## EXERCISE DESCRIPTION
Exact copy, pictures excluded: the lines from the one containing "Minaur conduce în" to the end of the listing.

## COLLECTED MATERIAL
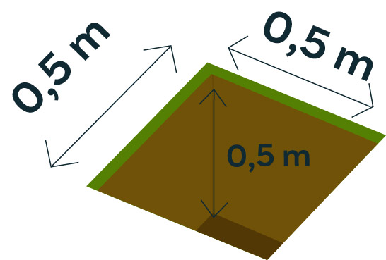 - Creusez des trous de 50 cm de longueur, largeur et profondeur aux emplacements de vos poteaux et jambes de force. (Emplacements réalisés à l’étape 1)
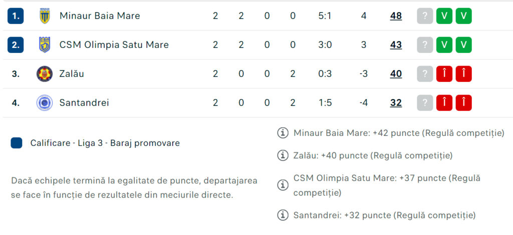 Minaur conduce în clasamentul Ligii a III-a, seria a X-a, cu 5 puncte avans față de CSM Olimpia Satu Mare.
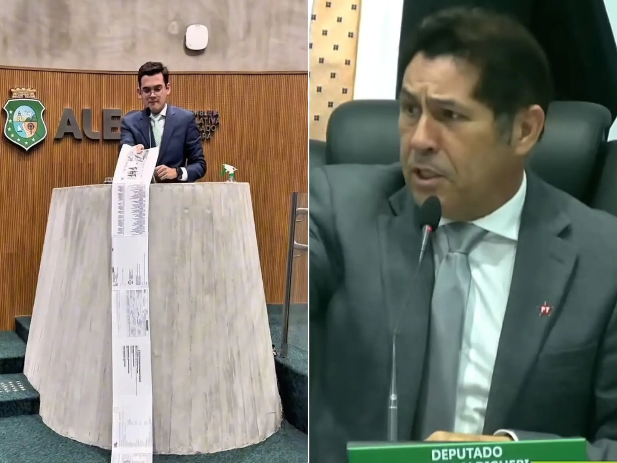 Os deputados estaduais Carmelo Neto (PL) e De Assis Diniz (PT) protagonizaram um bate-boca durante a sessão da Assembleia Legislativa do Ceará (Alece) desta quinta-feira (10). A discussão foi registrada durante o pronunciamento do parlamentar do PL, que levou um “pergaminho com provas” ao Plenário da Casa, no qual acusava o presidente Luiz Inácio Lula da Silva (PT) de corrupção.

## ANSWER BELOW
 Minaur conduce în clasamentul Ligii a III-a, seria a X-a, cu 5 puncte avans față de CSM Olimpia Satu Mare.
 Os deputados estaduais Carmelo Neto (PL) e De Assis Diniz (PT) protagonizaram um bate-boca durante a sessão da Assembleia Legislativa do Ceará (Alece) desta quinta-feira (10). A discussão foi registrada durante o pronunciamento do parlamentar do PL, que levou um “pergaminho com provas” ao Plenário da Casa, no qual acusava o presidente Luiz Inácio Lula da Silva (PT) de corrupção.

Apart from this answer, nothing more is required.